## Source data
------------------------------
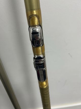 Caña de pescar vintage estilo Spinning Rod. Ideal para coleccionistas o para quienes aprecian el material clásico. - Material de la caña: Madera. - Color: Amarillo con detalles marrones. - Incluye carrete Shimano.
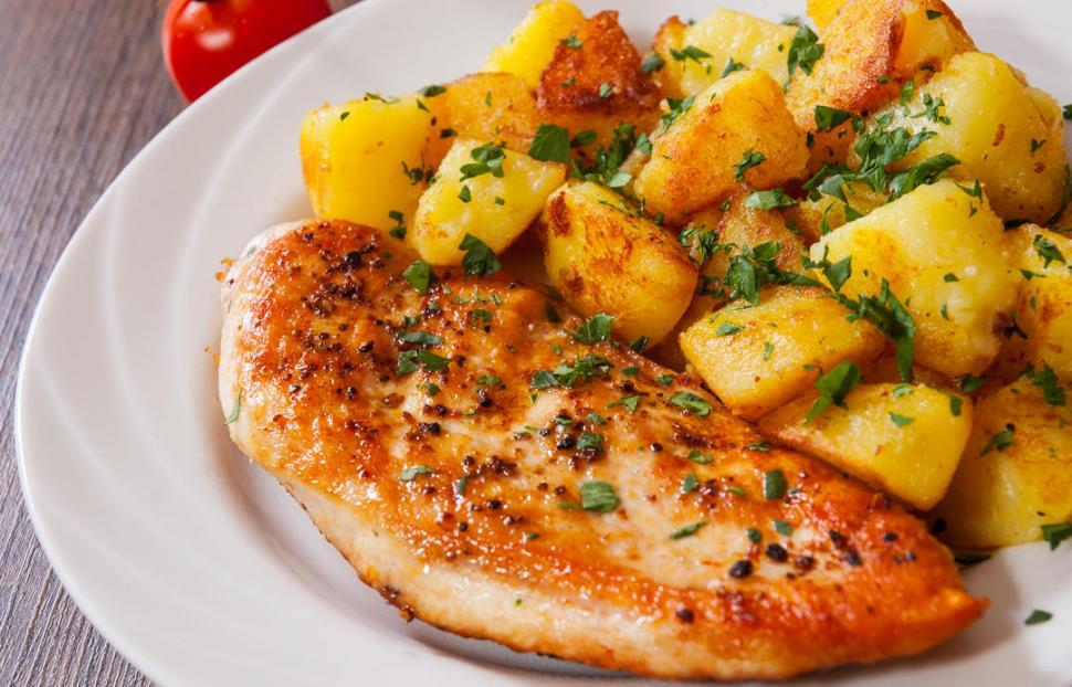 Preparación: colocar la manteca y el aceite en un sartén, agregar la papa en cubos y la cebolla en tiras. Adicionar las pechugas. Ir agregando miel, mostaza, sal y pimienta. Tapar y dejar cocinar a fuego bajo durante 20 minutos. Pasado este tiempo, servir y agregar el perejil picado a modo de decoración. Listo para degustar.
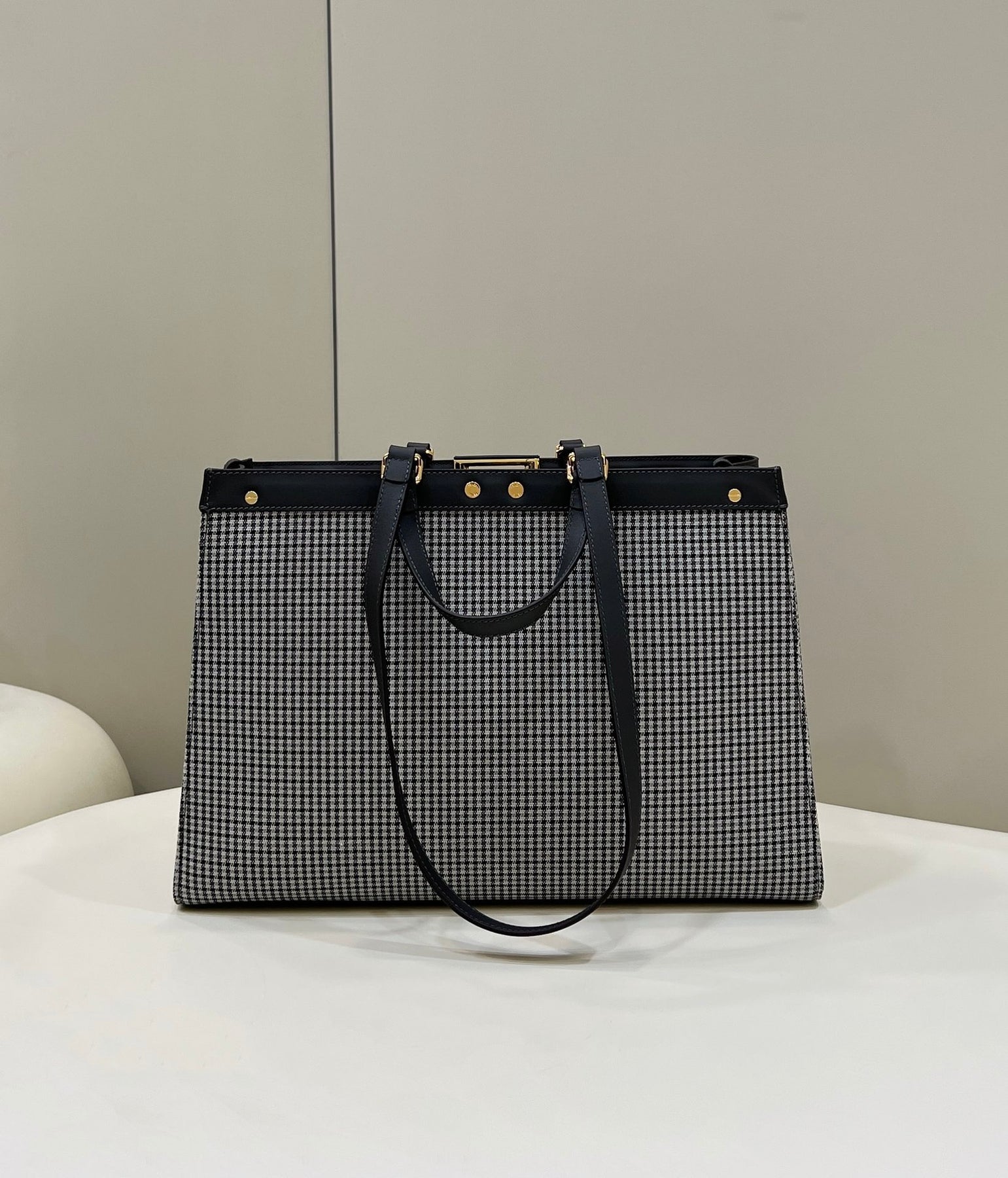Introducing our Houndstooth Presbyopia Double F Embroidery Tote Bag, a perfect blend of craftsmanship and premium materials. This exquisite tote features a striking houndstooth pattern with intricate embroidery, making it an elegant accessory for any occasion. With generous dimensions of 41x13x29 cm, it offers ample space for your daily essentials, ensuring high functionality and convenience. Elevate your style with this must-have tote that is as practical as it is fashionable.
------------------------------
## Directions
Could you set down the data exactly as given, minus its pictures?

## Answer
 Caña de pescar vintage estilo Spinning Rod. Ideal para coleccionistas o para quienes aprecian el material clásico. - Material de la caña: Madera. - Color: Amarillo con detalles marrones. - Incluye carrete Shimano.
 Preparación: colocar la manteca y el aceite en un sartén, agregar la papa en cubos y la cebolla en tiras. Adicionar las pechugas. Ir agregando miel, mostaza, sal y pimienta. Tapar y dejar cocinar a fuego bajo durante 20 minutos. Pasado este tiempo, servir y agregar el perejil picado a modo de decoración. Listo para degustar.
Introducing our Houndstooth Presbyopia Double F Embroidery Tote Bag, a perfect blend of craftsmanship and premium materials. This exquisite tote features a striking houndstooth pattern with intricate embroidery, making it an elegant accessory for any occasion. With generous dimensions of 41x13x29 cm, it offers ample space for your daily essentials, ensuring high functionality and convenience. Elevate your style with this must-have tote that is as practical as it is fashionable.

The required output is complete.